#### Problem:
Everything from the line containing "1人ランチ🎶 大きな園芸センターまで、 足を伸ばして、ハーブ🌿や花を物色中🤭" through the last line of the data below is to be retyped exactly, apart from the pictures.

── Exercise data ──

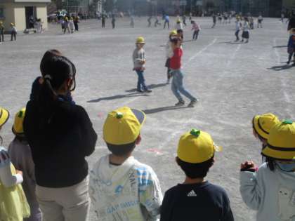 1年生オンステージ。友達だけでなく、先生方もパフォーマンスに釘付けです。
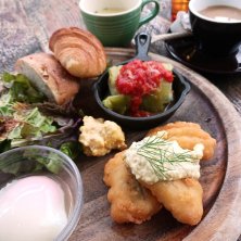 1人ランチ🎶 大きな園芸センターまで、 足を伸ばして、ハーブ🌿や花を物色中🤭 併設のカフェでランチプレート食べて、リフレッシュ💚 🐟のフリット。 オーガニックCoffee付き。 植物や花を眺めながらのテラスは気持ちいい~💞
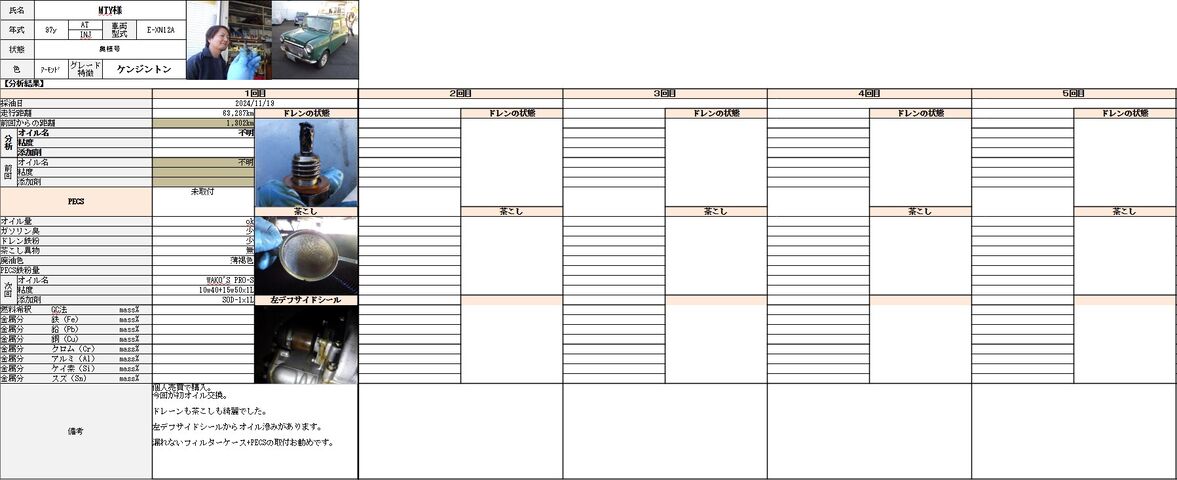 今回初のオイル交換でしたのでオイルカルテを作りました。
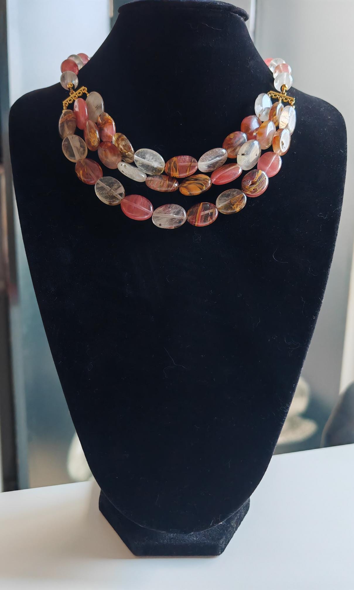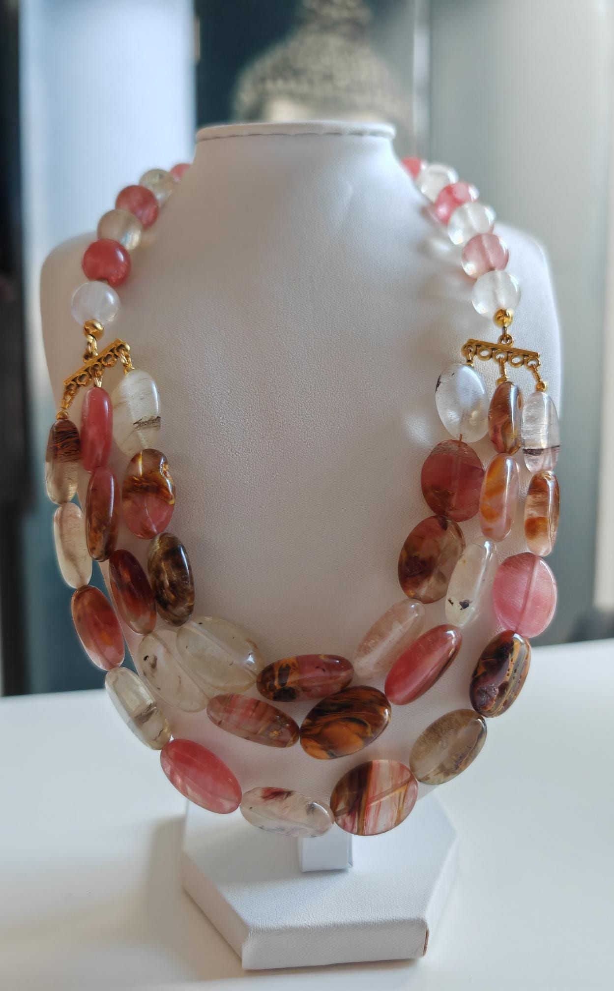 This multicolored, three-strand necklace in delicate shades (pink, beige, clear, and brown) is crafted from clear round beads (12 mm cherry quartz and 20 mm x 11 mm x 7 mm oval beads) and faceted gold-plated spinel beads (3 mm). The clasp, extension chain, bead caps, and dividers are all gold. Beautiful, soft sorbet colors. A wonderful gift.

───

#### Worked solution:
 1人ランチ🎶 大きな園芸センターまで、 足を伸ばして、ハーブ🌿や花を物色中🤭 併設のカフェでランチプレート食べて、リフレッシュ💚 🐟のフリット。 オーガニックCoffee付き。 植物や花を眺めながらのテラスは気持ちいい~💞
 今回初のオイル交換でしたのでオイルカルテを作りました。
 This multicolored, three-strand necklace in delicate shades (pink, beige, clear, and brown) is crafted from clear round beads (12 mm cherry quartz and 20 mm x 11 mm x 7 mm oval beads) and faceted gold-plated spinel beads (3 mm). The clasp, extension chain, bead caps, and dividers are all gold. Beautiful, soft sorbet colors. A wonderful gift.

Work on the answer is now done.